Emma thought. She couldn’t imagine her life without Julian. It was just a sort of black hole of terrible loneliness: nobody ever understanding her the way he did, getting her jokes the way he did, protecting her the way he did—not protecting her physically but protecting her feelings, her heart. No one to be happy with or angry with or bounce ridiculous ideas off. No one to complete her sentences, or pick all the cucumbers out of her salad because she hated them, or eat the crusts off her toast, or find her keys when she lost them.
“I—” she began, and there was a sudden crash from the bedroom. She exchanged panicked looks with Julian before they burst back into Ty and Livvy’s room, to find Livia sitting up on the bed, looking sleepy and puzzled. Ty was at the window, a poker in his hand. The window had a hole punched through the middle of it, and the window glass was glittering across the floor.
“Ty!” Julian said, clearly terrified by the shards piled around his little brother’s bare feet. “Don’t move. I’ll get a broom for the glass—”
Ty glared out at both of them from beneath his wild dark hair. He held up something in his right hand. Emma squinted in the moonlight—was it an acorn?
“It’s a message,” Ty said, letting the poker drop from his hand. “Faeries often choose objects from the natural world to send their messages in—acorns, leaves, flowers.”
“You’re saying that’s a message from faeries?” Julian said dubiously.
“Don’t be stupid,” said Tiberius. “Of course it’s not a message from faeries. It’s a message from Mark. And it’s addressed to the Consul.”
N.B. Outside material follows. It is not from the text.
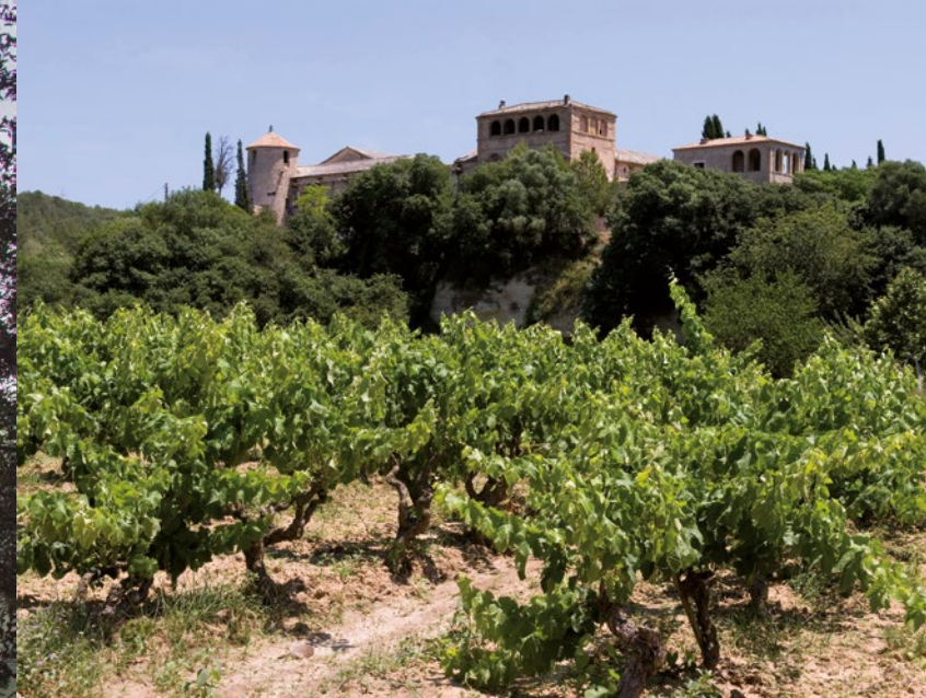
© Dani Codina / Jordi Folch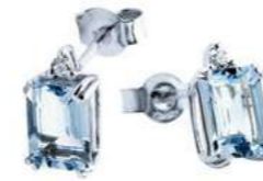
Art. OME640 Orecchini AM ct. 0.80 Diam. ct.0,03 Gold 18 kt. gr. 1,00

It must be daytime here, Luke thought, for Raphael was curled in one corner of the stone room, his body tense even in sleep, his dusky curls pillowed on his arm. It was hard to tell, given that there was little to see beyond the window but thick mist.
“He needs to feed,” Magnus said, looking at Raphael with a tense gentleness that surprised Luke. He hadn’t thought there was much love lost between the warlock and the vampire. They had circled each other as long as he had known them, polite, occupying their different spheres of power within the Downworld of New York City.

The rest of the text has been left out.